PROBLEM DESCRIPTION: Once the images are removed, set down everything else in the listing below exactly.

DATA EXTRACT:
**********

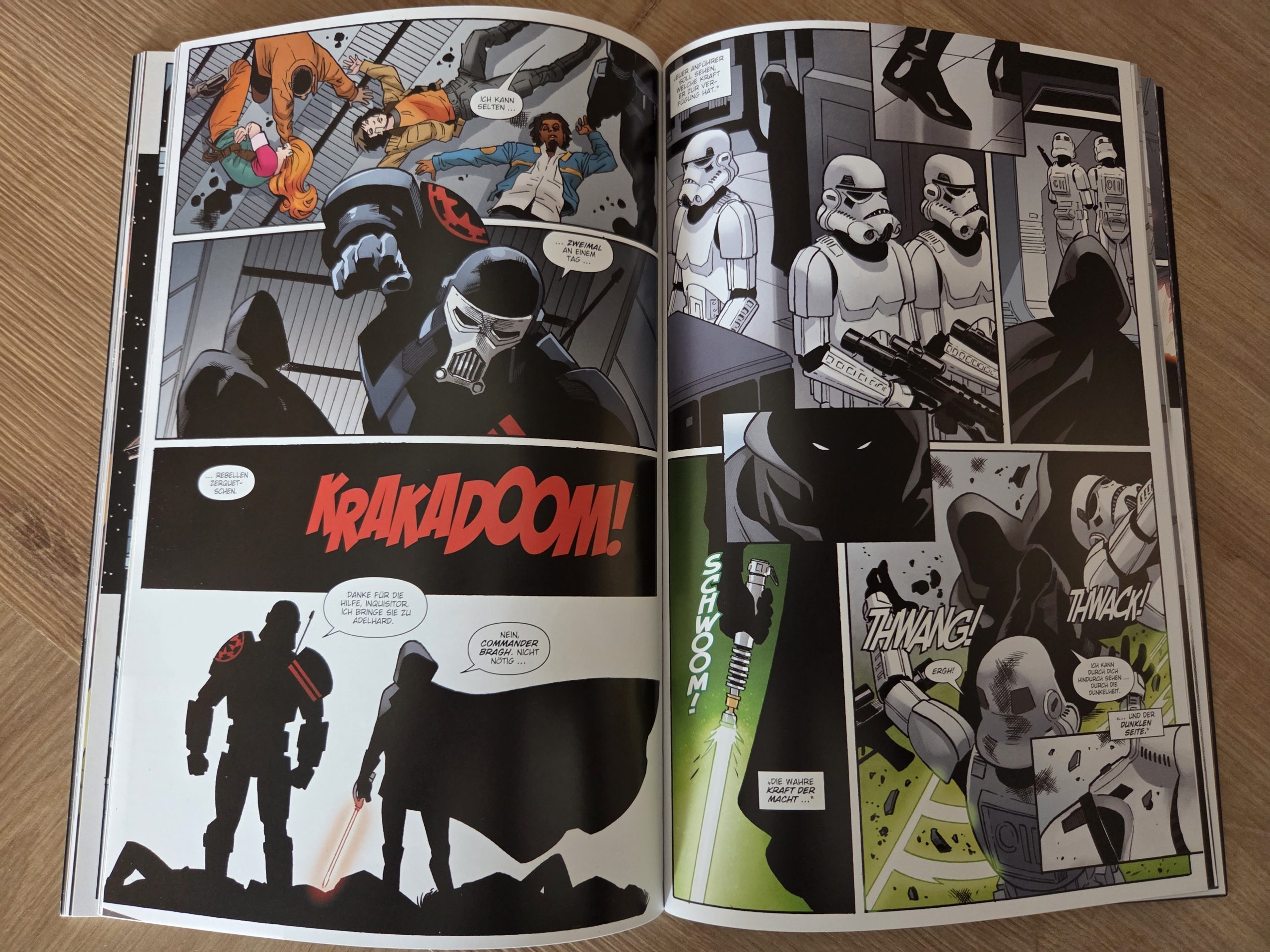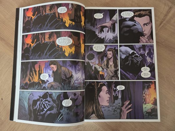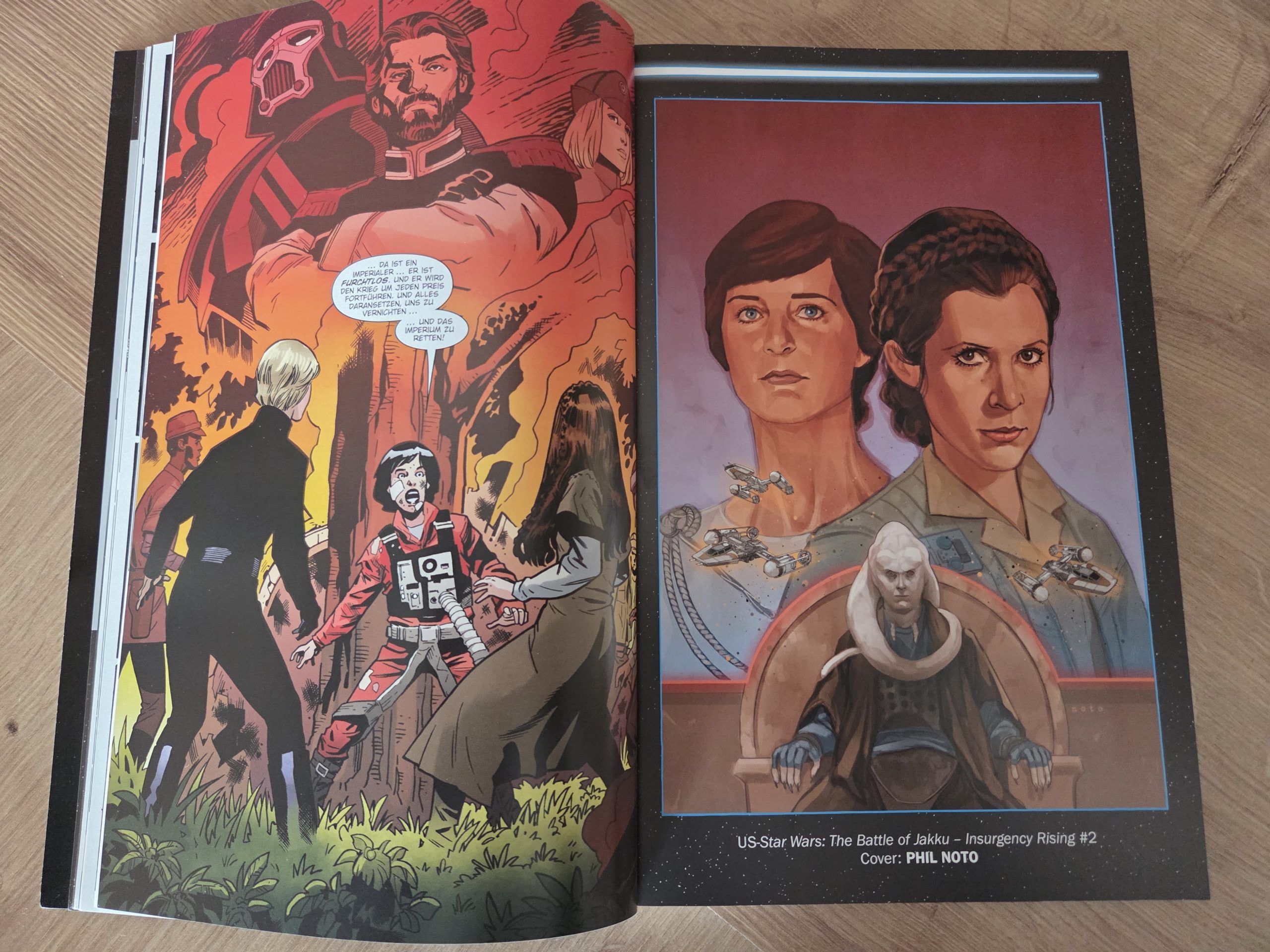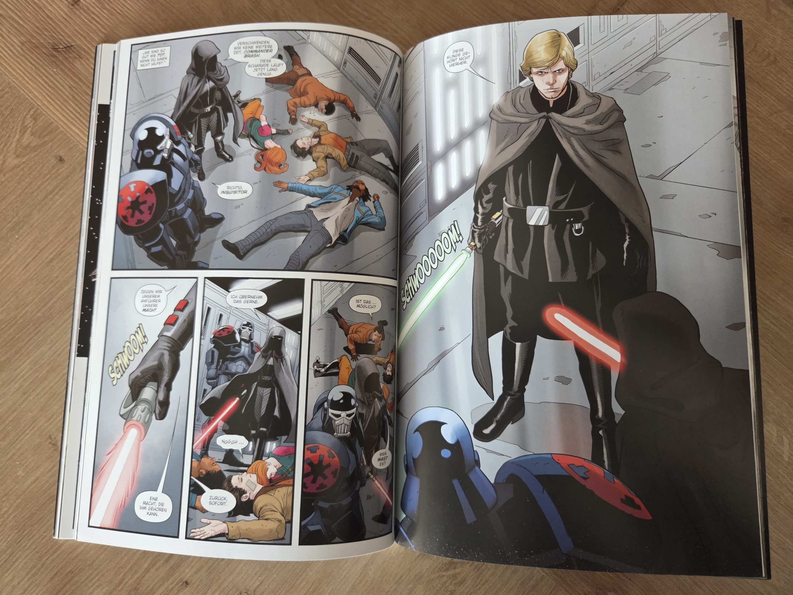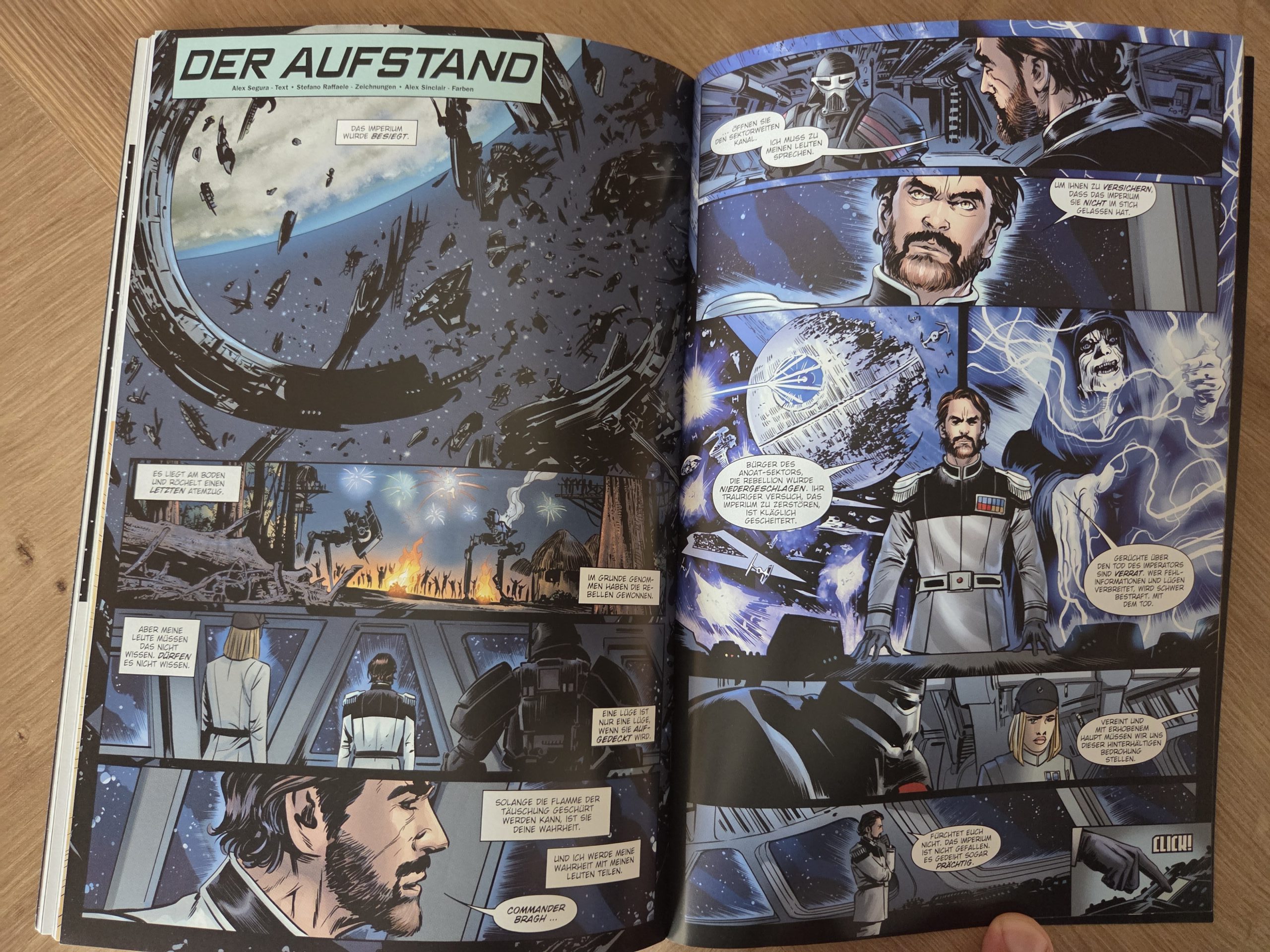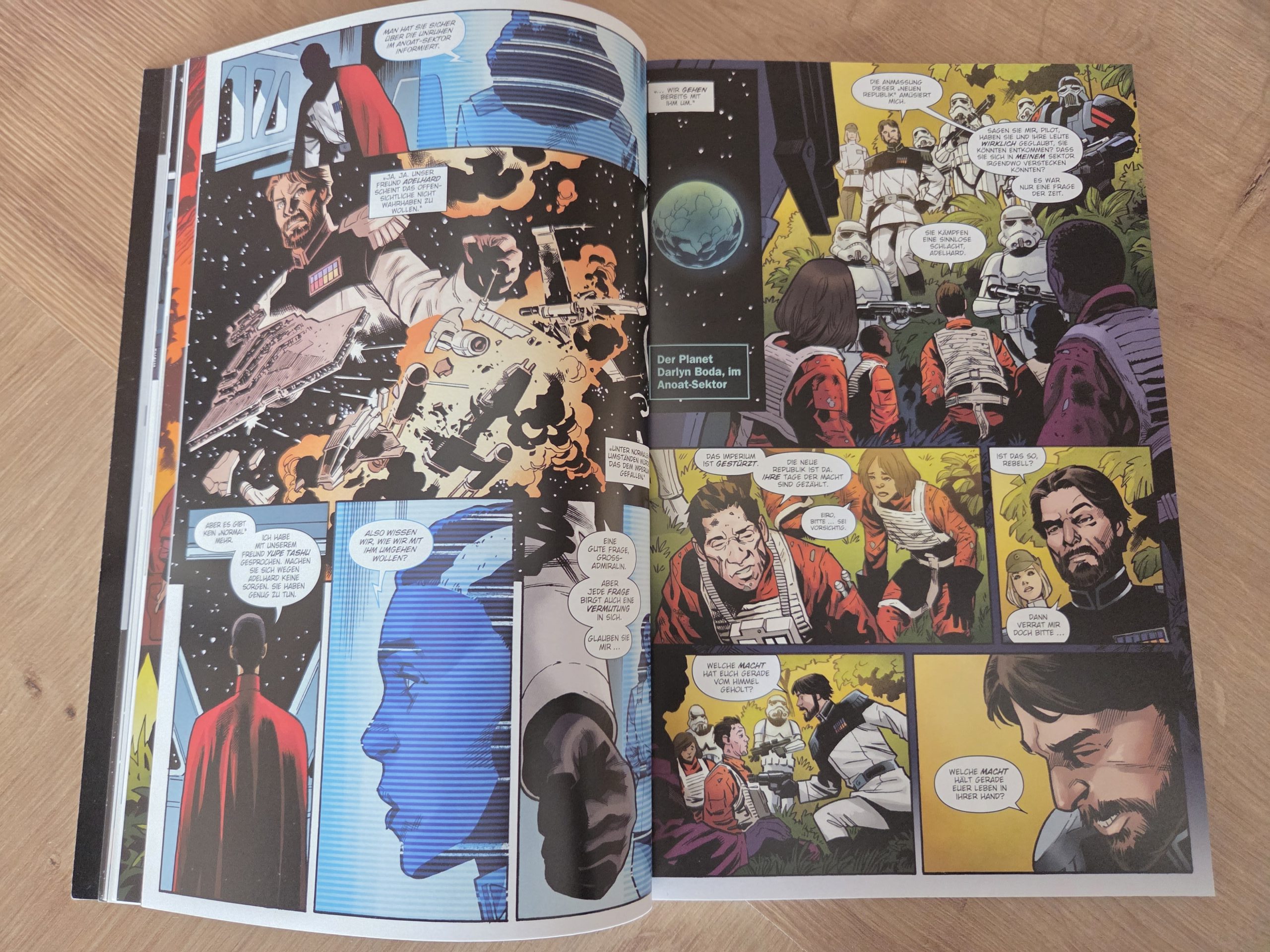 Hinzu kommt, dass die Story entweder zu generisch oder schlicht zu wenig einprägsam bleibt. So sehr, dass ich sie nach kurzer Zeit kaum noch rekonstruieren konnte. Dass ich einen Comic für eine Rezension nach nur einem Monat praktisch komplett neu lesen muss, ist eher die Ausnahme als die Regel. Gerade die Vielzahl an Figuren, die Segura parallel über die „galaktische Landkarte“ bewegt, verhindert eine echte Bindung zu einzelnen Charakteren. Am Ende bleibt vor allem Verwunderung darüber, wie Luke Skywalker beinahe wie ein Deus ex Machina auftaucht, um die Gefangenen zu retten und die Imperialen bloßzustellen. Gewonnen ist damit zwar eine Schlacht, doch wie Luke selbst anmerkt, längst nicht der Krieg. Deutlich positiver fällt hingegen der visuelle Aspekt aus. Die Zeichnungen wissen insgesamt zu überzeugen: Bekannte Figuren aus Filmen und Comics sind sofort wiederzuerkennen, ebenso Charaktere aus Freier Fall. Besonders Ubrik Adelhard sticht mit seinem markanten Design hervor, während Bragh in seiner Rüstung und Alaytia mit ihrer Mischung aus Unsicherheit und Entschlossenheit ebenfalls gelungen umgesetzt sind. Reyna Oskure schließlich trägt ihren inneren Wahnsinn förmlich im Gesicht. Die Qualität der Hintergründe schwankt je nach Zeichner, doch insbesondere der One-Shot Der Aufstand hebt sich hier deutlich ab, sowohl zeichnerisch als auch farblich ein echtes Highlight des Bandes.
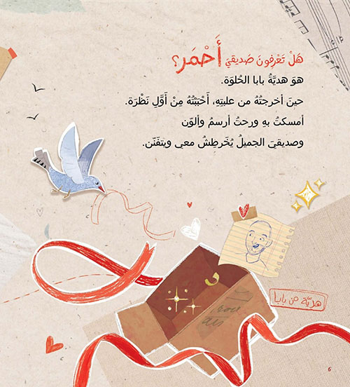 في قصة “صديقي أحمر” يهدي بابا قلمًا أحمر لإيلا وسرعان ما ...تتعلّق به وتجعل منه صديقها المفضل، معه تعبّر عن كل ما يجول في عقلها.. فترسم على الدفاتر، وعلى الجدران، وحتى على حقيبة بابا!
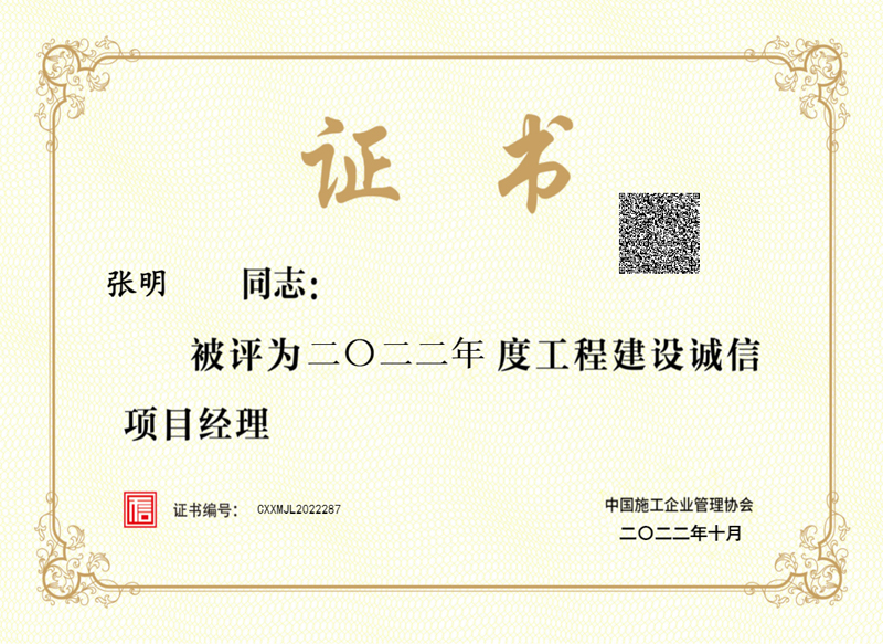 集團(tuán)公司項(xiàng)目經(jīng)理張明榮獲二O二二年度工程建設(shè)誠信項(xiàng)目經(jīng)理稱號

**********

WRITTEN REPLY:
 Hinzu kommt, dass die Story entweder zu generisch oder schlicht zu wenig einprägsam bleibt. So sehr, dass ich sie nach kurzer Zeit kaum noch rekonstruieren konnte. Dass ich einen Comic für eine Rezension nach nur einem Monat praktisch komplett neu lesen muss, ist eher die Ausnahme als die Regel. Gerade die Vielzahl an Figuren, die Segura parallel über die „galaktische Landkarte“ bewegt, verhindert eine echte Bindung zu einzelnen Charakteren. Am Ende bleibt vor allem Verwunderung darüber, wie Luke Skywalker beinahe wie ein Deus ex Machina auftaucht, um die Gefangenen zu retten und die Imperialen bloßzustellen. Gewonnen ist damit zwar eine Schlacht, doch wie Luke selbst anmerkt, längst nicht der Krieg. Deutlich positiver fällt hingegen der visuelle Aspekt aus. Die Zeichnungen wissen insgesamt zu überzeugen: Bekannte Figuren aus Filmen und Comics sind sofort wiederzuerkennen, ebenso Charaktere aus Freier Fall. Besonders Ubrik Adelhard sticht mit seinem markanten Design hervor, während Bragh in seiner Rüstung und Alaytia mit ihrer Mischung aus Unsicherheit und Entschlossenheit ebenfalls gelungen umgesetzt sind. Reyna Oskure schließlich trägt ihren inneren Wahnsinn förmlich im Gesicht. Die Qualität der Hintergründe schwankt je nach Zeichner, doch insbesondere der One-Shot Der Aufstand hebt sich hier deutlich ab, sowohl zeichnerisch als auch farblich ein echtes Highlight des Bandes.
 في قصة “صديقي أحمر” يهدي بابا قلمًا أحمر لإيلا وسرعان ما ...تتعلّق به وتجعل منه صديقها المفضل، معه تعبّر عن كل ما يجول في عقلها.. فترسم على الدفاتر، وعلى الجدران، وحتى على حقيبة بابا!
 集團(tuán)公司項(xiàng)目經(jīng)理張明榮獲二O二二年度工程建設(shè)誠信項(xiàng)目經(jīng)理稱號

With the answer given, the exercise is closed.